INFORMATION PROVIDED:
================

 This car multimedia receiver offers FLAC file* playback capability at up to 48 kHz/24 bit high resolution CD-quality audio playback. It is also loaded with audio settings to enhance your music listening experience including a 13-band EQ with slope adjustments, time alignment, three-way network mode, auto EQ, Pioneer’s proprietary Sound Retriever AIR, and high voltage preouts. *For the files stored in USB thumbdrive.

================

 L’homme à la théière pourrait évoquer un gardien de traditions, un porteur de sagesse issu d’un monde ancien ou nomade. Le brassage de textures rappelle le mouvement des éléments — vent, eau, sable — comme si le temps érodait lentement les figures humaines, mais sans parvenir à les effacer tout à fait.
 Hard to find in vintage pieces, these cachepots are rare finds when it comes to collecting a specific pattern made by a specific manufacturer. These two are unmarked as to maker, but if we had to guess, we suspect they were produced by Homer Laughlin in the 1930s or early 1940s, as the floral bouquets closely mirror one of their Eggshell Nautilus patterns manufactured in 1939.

================

TASK TO CARRY OUT: Your task is to transcribe, with no changes, only the lines of the listing above that lie between the line holding "L’homme à la" and the line holding "Hard to find", inclusive.

SOLUTION TO THE PROBLEM:
 L’homme à la théière pourrait évoquer un gardien de traditions, un porteur de sagesse issu d’un monde ancien ou nomade. Le brassage de textures rappelle le mouvement des éléments — vent, eau, sable — comme si le temps érodait lentement les figures humaines, mais sans parvenir à les effacer tout à fait.
 Hard to find in vintage pieces, these cachepots are rare finds when it comes to collecting a specific pattern made by a specific manufacturer. These two are unmarked as to maker, but if we had to guess, we suspect they were produced by Homer Laughlin in the 1930s or early 1940s, as the floral bouquets closely mirror one of their Eggshell Nautilus patterns manufactured in 1939.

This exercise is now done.